The Greek acts of the council are only preserved in a Latin translation. From this a clean version was created, which Pope Vigilius did not incriminate. Viglius' successor Pelagius I , who supported Vigilius as a papal legate and initially defended the “three chapters” in a petition, also took over the statements of the council. The decisions of the council led to disputes to the verge of a schism , especially in northern Italy . Pope Pelagius got the opponents to give in, and the synod retained ecumenical status. However, the adoption of the Council decisions in the West was mostly only formal and was subject to the proviso that the decisions of the Council of Chalcedon were not diminished. The resolutions of the Council of Constantinople are now recognized by the Orthodox, Catholic and Protestant churches.

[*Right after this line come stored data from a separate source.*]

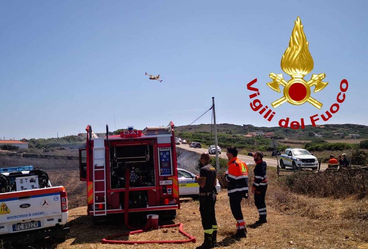 Sul posto, la squadra dei Vigili del Fuoco di Sassari per lo spegnimento della fiamme, insieme alla Forestale, baracelli, mezzi aerei di cui un elicottero della regione e due canadair.
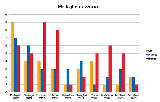 242. Il grafico rappresenta il medagliere azzurro ai Campionati Mondiali di Nuoto.
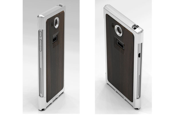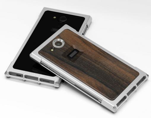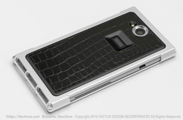 ジュラルミンと超々ジュラルミンを削り出した、メタルジャケットにバックパネルを組み合わせたスマートフォンジャケット。特別にデザインした3つ穴のオリジナルスペシャルネジで固定しています。

In the research literature of the 19th century it was assumed that the council condemned theological doctrines that went back to the church writer Origen , and that he himself was condemned as a heretic. The statements allegedly condemned by the council are in particular the idea of ​​the pre-existence of the soul and the doctrine of the apocatastasis , the ultimate reconciliation of the gracious God with all creatures, including unrepentant sinners and unbelievers. In non-scientific literature it is also claimed in more recent times that the council condemned a doctrine of immigration ascribed to Origen and also made changes to the Bible text in order to remove the biblical basis from the doctrine of immigration. However, the sources offer no evidence or evidence for this. According to the current state of research, which is essentially based on the results of Franz Diekamp , it can be assumed that the traditional condemnation of fifteen theses of Origen or his followers was not decided by the ecumenical council, but by a synod held before its opening, to which some of the bishops who subsequently participated in the ecumenical council had gathered. The resolutions of this synod did not have the status of documents of a general council. The fifteen theses condemned as heretical by the synod contain no reference to a doctrine of reincarnation.

literature

  • Florian Bruckmann: Henōsis kath hypostasin - the first ten anathematisms of the fifth ecumenical council (Constantinople 553) as a document of neo-Chalcedonian theology. In: Annuarium Historiae Conciliorum. 36, 2004, ISSN  0003-5157 , pp. 1–166, 259–388 (also special print, 2 parts, Schöningh, Paderborn 2004).
  • Evangelos Chrysos: The lists of bishops of the 5th Ecumenical Council (553) . Habelt, Bonn 1966 ( online )
  • James AS Evans: The Age of Justinian. The Circumstances of Imperial Power. Routledge, London et al. 1996, ISBN 0-415-02209-6 .
  • Mischa Meier : The other age of Justinian. Experience of contingency and coping with contingency in the 6th century AD (= Hypomnemata 147). Vandenhoeck and Ruprecht, Göttingen 2003, ISBN 3-525-25246-3 (also: Bielefeld, Universität, habilitation thesis, 2002).
  • Richard Price (Übers. & Komm.): The Acts of the Council of Constantinople of 553. With Related Texts on the Three Chapters Controversy (= Translated Texts for Historians 51). 2 volumes. Liverpool University Press, Liverpool 2009, ISBN 978-1-84631-178-9 .

Web links

Remarks

  1. Jakob Speigl : Constantinople. 5) Ecumenical Councils. 2nd council of 553 . In: Walter Kasper (Ed.): Lexicon for Theology and Church . 3. Edition. tape 6 . Herder, Freiburg im Breisgau 1997, Sp. 313 f .
  2. Jakob Speigl: Constantinople. 5) Ecumenical Councils. 2nd council of 553 . In: Walter Kasper (Ed.): Lexicon for Theology and Church . 3. Edition. tape 6 . Herder, Freiburg im Breisgau 1997, Sp. 313 f .
  3. Franz Diekamp: The Origenistic Disputes in the Sixth Century and the Fifth General Concil , Münster 1899, pp. 129-138; Hermann Josef Vogt : Why was Origen declared a heretic? In: Lothar Lies (ed.): Origeniana Quarta , Innsbruck / Vienna 1987, pp. 78–111, here: 78; Rowan Williams : Origenes / Origenism. In: Theologische Realenzyklopädie , Vol. 25, Berlin 1995, pp. 397-420, here: 417.